Granted, the circumstances in the two cases were different: Carmack was alone when he was pulled over in March, while Hunt was in the company of his two young daughters, ages five and seven, at the time of his arrest and arrived at his girlfriend's home after allegedly "hitting several parked cars, driving on the wrong side of the road and driving over a mailbox," the 17th Judicial DA's office points out. On top of that, one of the kids hit her face on the interior of the car as he sped away from a crash, winding up with a black eye in the process.

Nevertheless, Brauchler feels that "one guy getting eight years in prison and the other one not getting a single day in jail" is an indication that the system is out of whack.

Of course, mandatory-minimum sentences have been widely criticized by jail and prison reformers in recent years, particularly in the case of drug offenses — gripes that shouldn't apply to Colorado, Brauchler believes, because of reform efforts put in place over the past few years. ("We're way ahead of the federal government on that," he believes.) But he calls DUI "a unique charge — a charge that's unique in this way. We can protect ourselves to some degree from incidents of burglary and armed robbery and all sorts of crimes by where we live, where we go at different times of day and how we conduct ourselves. But the one thing we can't do is protect ourselves from drunk drivers. In twenty-plus years of doing this, I've seen DUIs on every kind of road you can imagine and every time of day you can imagine. We're completely vulnerable. Little painted lines [can't] protect us from careening into each other at 65 plus miles an hour. We absolutely have to be protected."

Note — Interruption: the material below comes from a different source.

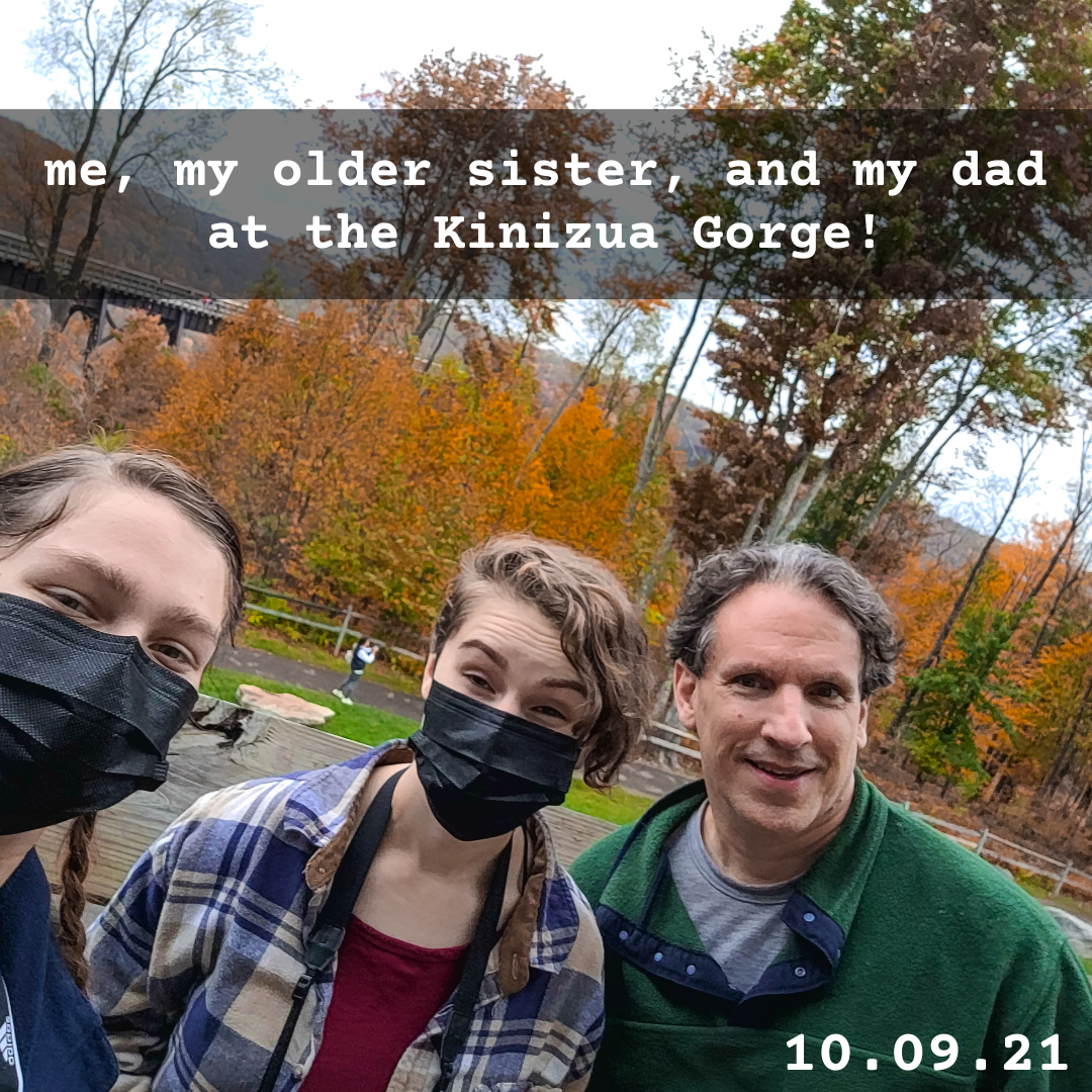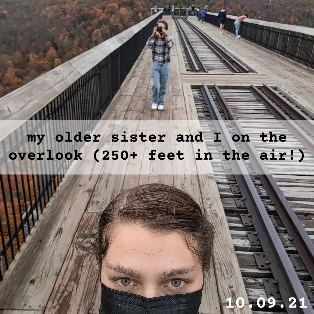 Every year (around August/September), my dad takes my sisters and me camping. My younger sister, Briana, couldn’t make it this year, so it was just my older sister, dad, and I. We stayed at an RV/tent park from Friday to Sunday. We slept in tents at night, then went sightseeing all day. We visited a World War II museum in Eldred, Pennsylvania and the guide was spectacular. He was super encouraging when he learned that I wanted to be an author, and was also really into Girl Power and showed my sister and me a full display and told us stories. We also saw the Kinizua Gorge and went on the overlook about 250+ feet in the air! Overall, I loved camping, and despite the rain and soggy tent, I had so much fun.

Admittedly, Brauchler is "a bit more sensitive" on the subject of DUIs "than some people are, for a couple of reasons. One is that the 18th Judicial District has had more DUIs over the last fifteen years than any other district in the state, and second place isn't even close. And within the last month or two, I stood up and argued for the incarceration of a retired Army war veteran" — ex-colonel Eric Henderson — "because he drove drunk and killed a state trooper" (Colorado State Trooper Jaimie Jursevics) "who was on our roads trying to protect us. And this is the third officer who died at the hands of a drunk driver I prosecuted since I took office."

That's why Brauchler is beseeching the legislature to revisit the felony-DUI law in the next session and put a mandatory-minimum component in place, in order to "send a clear message to the community and to people who even for a moment think about how they conduct themselves when they're drinking. I think we have to have a promise of some kind of heavy sentence if you engage in this type of behavior, especially for felony DUI, because it's repeated behavior."